Prerequisites Make sure to read the following sections of the documentation before using this example:
job.sh
Compared to the Single GPU Job example, here we use the $@ bash directive
to pass command-line arguments down to the Python script.
This makes it very easy to submit multiple jobs, each with different values!
The full source code for this example is available on the mila-docs GitHub repository.

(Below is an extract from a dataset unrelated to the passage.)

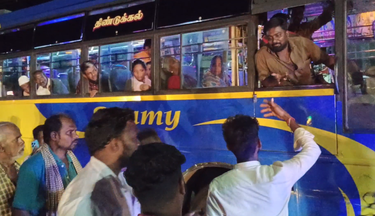 வேடசந்தூரில் இருசக்கர வாகனத்தில் சென்றவர் மீது தனியார் பேருந்தில் சென்ற அடையாளம் தெரியாத பயணி பான் பராக் போட்டு எச்சில் துப்பியதால் பேருந்தை மறித்து ரகளை செய்த இளைஞர்களால் நள்ளிரவில் பரபரப்பு ஏற்பட்டது.

# distributed/single_gpu/job.sh -> good_practices/launch_many_jobs/job.sh
#!/bin/bash
#SBATCH --gres=gpu:1
#SBATCH --cpus-per-task=4
#SBATCH --mem=16G
#SBATCH --time=00:15:00
set -e # exit on error.
echo "Date: $(date)"
echo "Hostname: $(hostname)"
# Stage dataset into $SLURM_TMPDIR
mkdir -p $SLURM_TMPDIR/data
cp /network/datasets/cifar10/cifar-10-python.tar.gz $SLURM_TMPDIR/data/
# General-purpose alternatives combining copy and unpack:
# unzip /network/datasets/some/file.zip -d $SLURM_TMPDIR/data/
# tar -xf /network/datasets/some/file.tar -C $SLURM_TMPDIR/data/
# Execute Python script
# Use the `--offline` option of `uv run` on clusters without internet access on compute nodes.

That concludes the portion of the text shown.